それでE・E。貴女の要求は、今この場所――私たちが迷宮と呼んでいる地下空間の制御プログラムに生じたエラーを、上位権限者によって修正してほしいってことよね?」
「肯定。速やかな修復を私は要求する」
「上位権限者っていうのは、誰?」
「名称を口にするのは禁則事項に該当するため回答できない。だが今現在、こちらからの呼びかけには誰も反応していない」
そう言うと彼女は私をジッと見つめた。まるで私という存在を見極めようとしてるみたいに頭から脚までを観察し、そして手を伸ばして私を引き寄せ、瞳を覗き込んできた。
彼女の目にごく微細な魔法陣のようなものが浮かび上がる。それが私の瞳に反射したかと思うと、彼女が再度口を開いた。

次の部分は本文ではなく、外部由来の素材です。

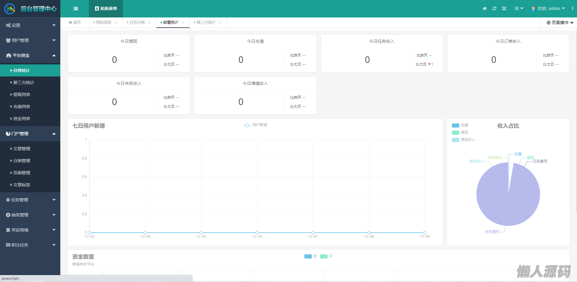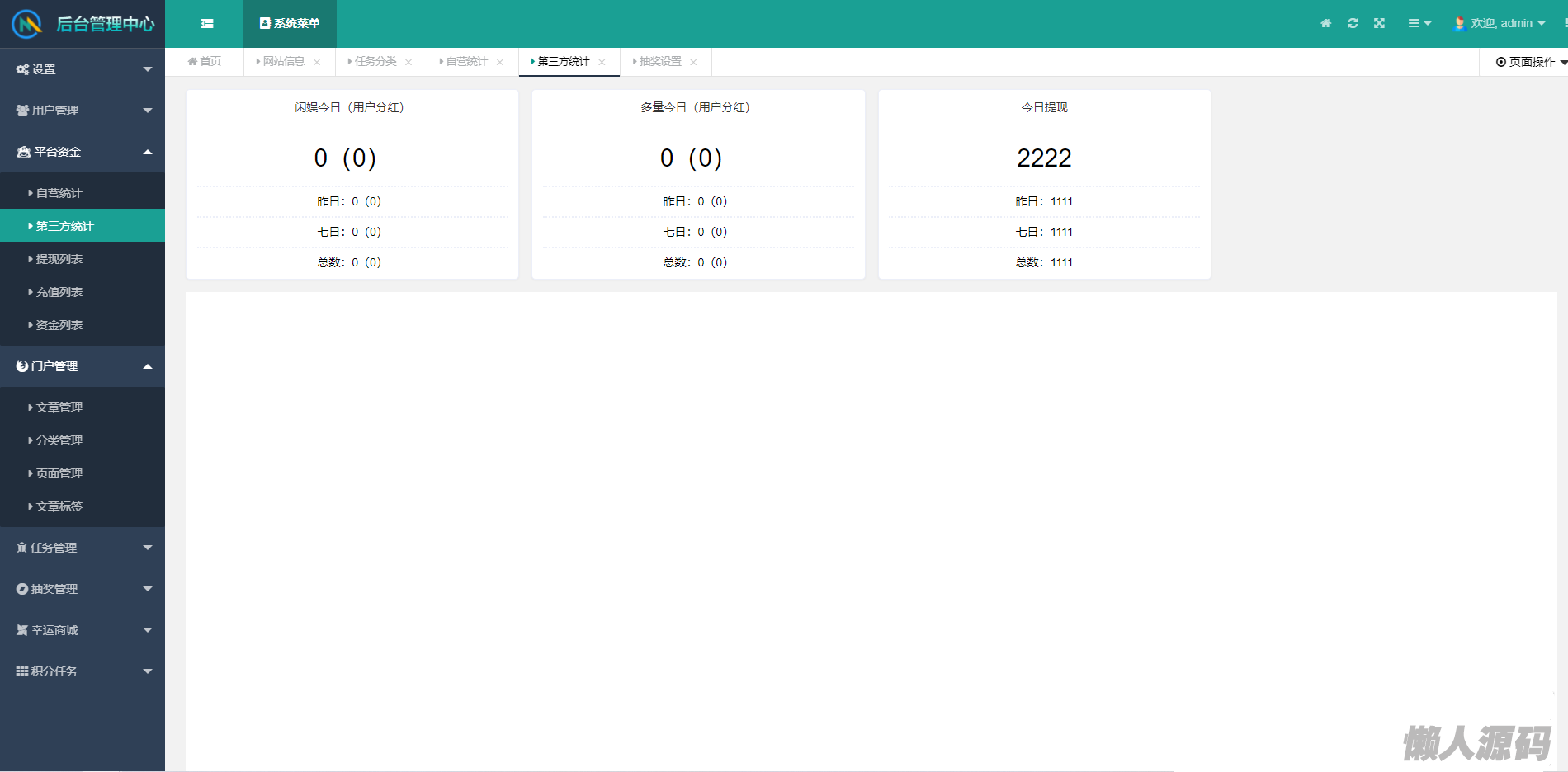 统计相关:包含联盟的财务统计,任务反馈统计。用户财务统计,以及平台数据分析。

「貴女には知能、知識、文化の観点で適合すると判断。本来、定められた権限者以外のアクセスは禁止されているが、緊急避難として貴女に、改修に必要な知識を授与しアクセス権の一部を移譲する」
「つまり私が直せってことね……」
初めて見るプログラムをその場で修正しろ。そんなの正直ハードルが高いどころか、無謀・無理・無茶の三拍子が揃った所業なんだけど……地上に戻るためにもやるっきゃないんでしょうね。
「……分かったわ。何とかしてみるわよ」
「移譲受諾を確認。では致命的なシステム崩壊を防ぐため、これよりスリープモードへ移行する」
「……へ?」
「権限移譲の詳細は媒体としたこの人間に伝えている。では――幸運を祈る」
最後に人間臭いセリフを吐いて、エリーの皮を被ったE・Eが崩れ落ちた。
ちょっと待ちなさいよ! 何が「幸運を祈る」よ! アシストとかしてくれないの!?
無責任過ぎるわよ。そう叫ぶけどE・Eからの返事はなく、私は呆然とした。
はぁ……やるしかないのよね。不安しかない。だけど同時に、未知のプログラムに心が踊るのも事実。
(やってやろうじゃない……!)
倒れてきたエリーの体を支えながら、私はいよいよそう決心した。